2.    Own judgement and suitability
In asking us to enter into any Transaction, you represent that you have been solely responsible for making your own independent appraisal and investigations into the risks of the Transaction. You represent that you have sufficient knowledge, market sophistication, professional advice and experience to make your own evaluation of the merits and risks of any Transaction. We give you no warranty as to the suitability of the products traded under this Agreement and assume no fiduciary duty in our relations with you.
3.    Incidental information and investment research
Where we do provide generic trading recommendations, market commentary or other information:
1.this is incidental to your dealing relationship with us. It is provided solely to enable you to make your own investment decisions and does not amount to advice;
2. if the document contains a restriction on the person or category of persons for whom that document is intended or to whom it is distributed, you agree that you will not pass it on to any such person or category of persons;
3. we give no representation, warranty or guarantee as to the accuracy or completeness of such information or as to the tax consequences of any Transaction;
4.where information is in the form of a document containing a restriction on the person or category of persons for whom that document is intended or to whom it is distributed, you agree that you will not pass it on contrary to that restriction;
5.you accept that prior to despatch, we may have acted upon it ourselves or made use of the information on which it is based.
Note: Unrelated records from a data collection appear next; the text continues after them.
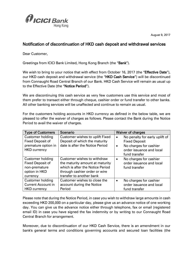 Get the free Notification of discontinuation of HKD cash deposit and withdrawal services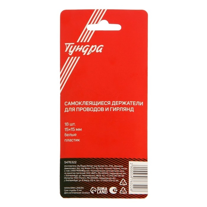 Держатель самоклеящийся для проводов и гирлянд ТУНДРА применяется для легкого, надежного и безопасного крепления разнообразных аксессуаров на вертикальной и горизонтальной поверхностях.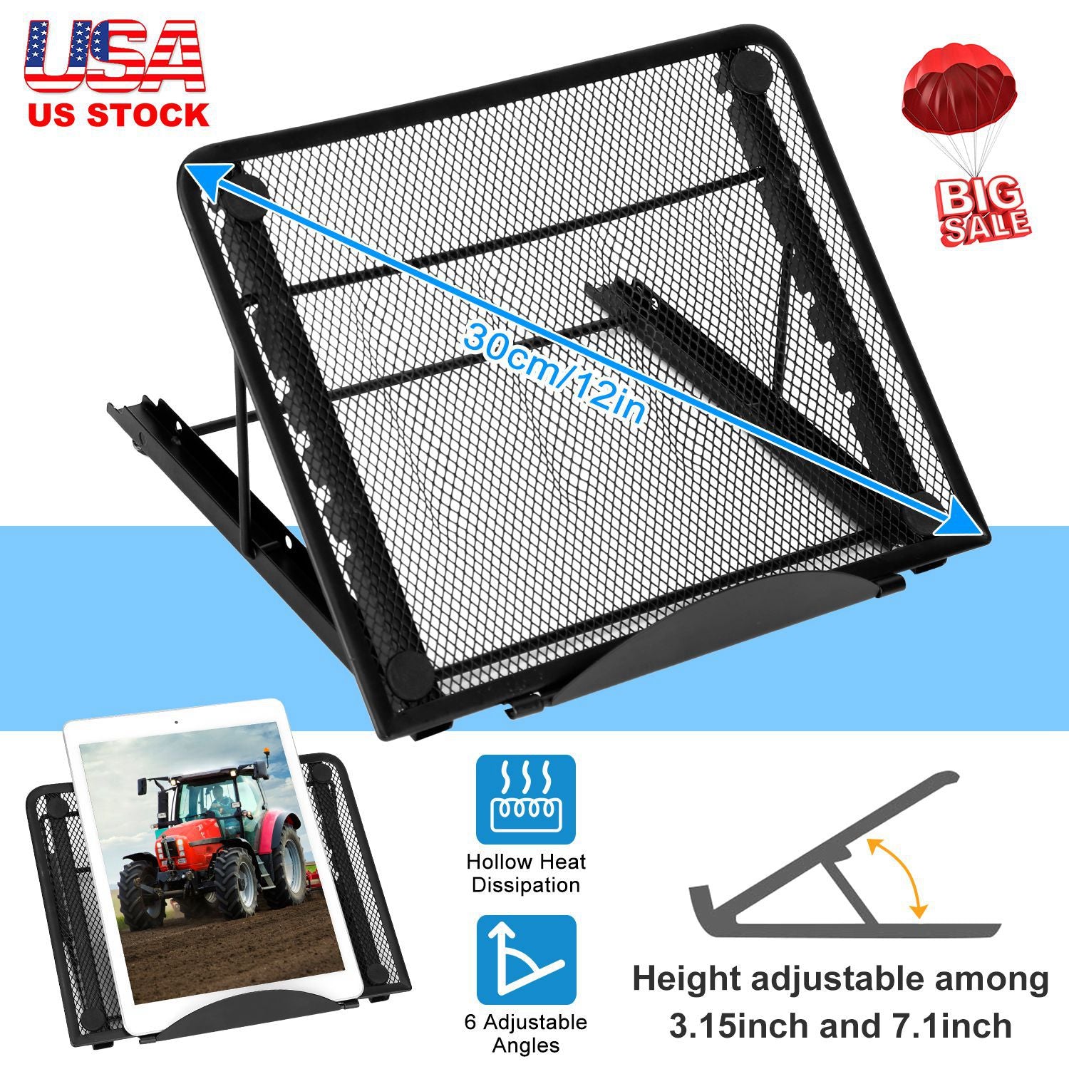 The adjustable angles of our laptop stand elevates display for easier viewing and helps to obtain the perfect typing position. Ventilated design improves air circulation around the computer so as to improve heat dissipation effect and cooling. The versatile tilt system adjusts to your working style. Durable and ergonomic design suits you.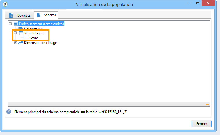 Dans notre exemple, nous souhaitons personnaliser les diffusions en fonction du champ Score, stocké dans la table Résultats jeux. Cette table possède un lien de type 1-n avec la table des destinataires. L'activité Enrichissement nous permet d'ajouter, dans la table de travail du workflow, des données provenant d'une table liée à la dimension de filtrage.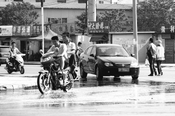 18日,市民王女士拨打本报热线电话反映青年路与大学路交叉口污水横流,臭气熏天。记者赶到现场看到,在路口东北侧有一大滩污水,气味难闻,不少市民掩鼻而过,一些车辆选择绕行,有的则直接轧水而过。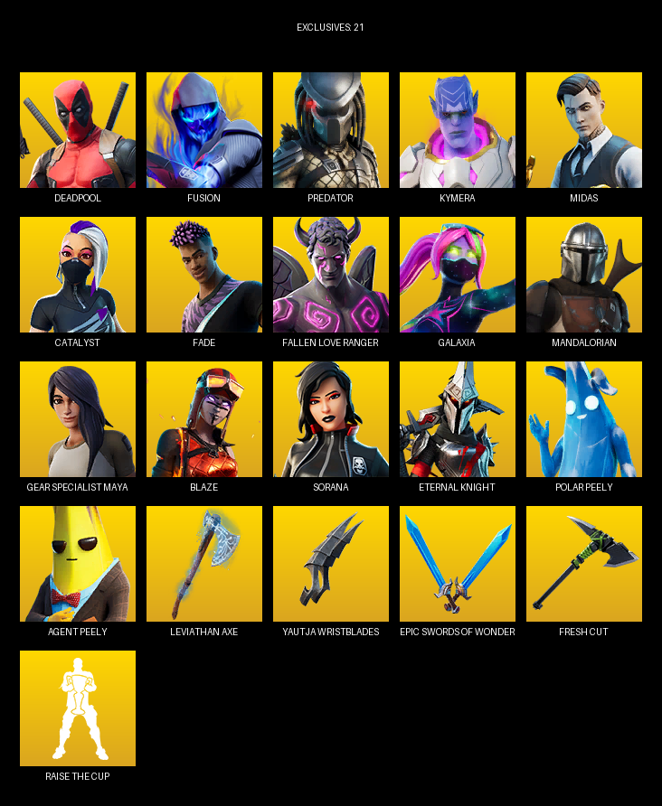 Gear Specialist Maya, Deadpool, Fusion, Predator, Kymera, Midas, Catalyst, Fade, Fallen Love Ranger, Galaxia, Mandalorian, Blaze, Sorana, Eternal Knight, Meowscles, Scuba Jonesy, Polar Peely, 8-Ball vs Scratch, Omni-Man, Jules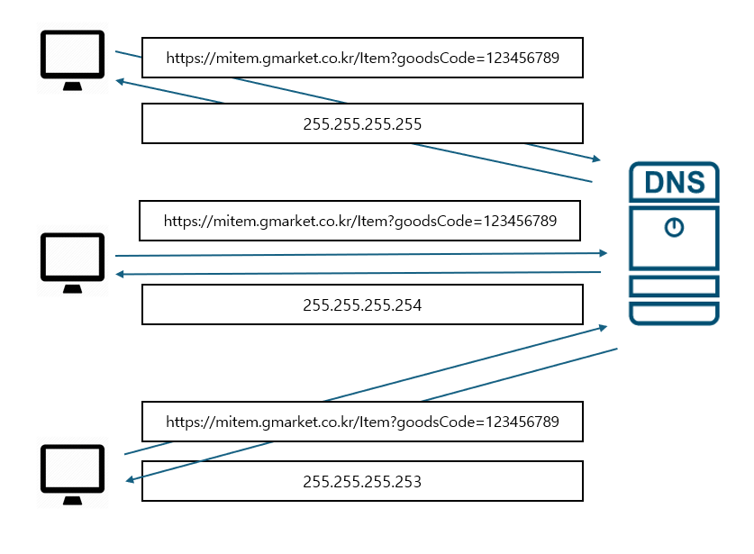 하나의 서비스를 운영하는 분산된 각 서버의 ipAddress 주소를 DNS에 하나의 도메인 이름으로 등록하면 클라이언트는 DNS에 해당 도메인 이름으로 요청할 경우 등록된 각 서버의 ipAddress주소를 순환하여 반환하는 방식입니다.

We do not make representations as to the time of receipt by you and cannot guarantee that you will receive such information at the same time as other clients. Any published research reports or recommendations may appear in one or more screen information service.
Please refer to our Conflicts of Interest Policy for further information on how we manage conflicts which would affect the impartiality of investment research we provide to you.

5.INSTRUCTIONS AND BASIS OF DEALING
1.    Placing of instructions
You may give us instructions in electronic form through the Safecap Online Trading System or orally by telephone to the Safecap Trading Desk, unless we tell you that instructions can only be given in a particular way. If you give instructions by telephone, your conversation will be recorded. If any instructions are received by us by telephone, computer or other medium we may ask you to confirm such instructions in writing. We shall be authorised to follow instructions notwithstanding your failure to confirm them in writing. In this Agreement ‘instructions” and “orders” have the same meaning.
2.    Authority
We shall be entitled to act for you upon instructions given or purporting to be given by you or any person authorised on your behalf without further enquiry as to the genuineness, authority or identity of the person giving or purporting to give such instructions provided such instruction is accompanied by your correct Account number and password. If your Account is a joint account, you agree that we are authorized to act on the instructions of any one person in whose name the Account is held, without further inquiry. We shall have no responsibility for further inquiry into such apparent authority and no liability for the consequences of any actions taken or failed to be taken by us in reliance on any such instructions or on the apparent authority of any such persons.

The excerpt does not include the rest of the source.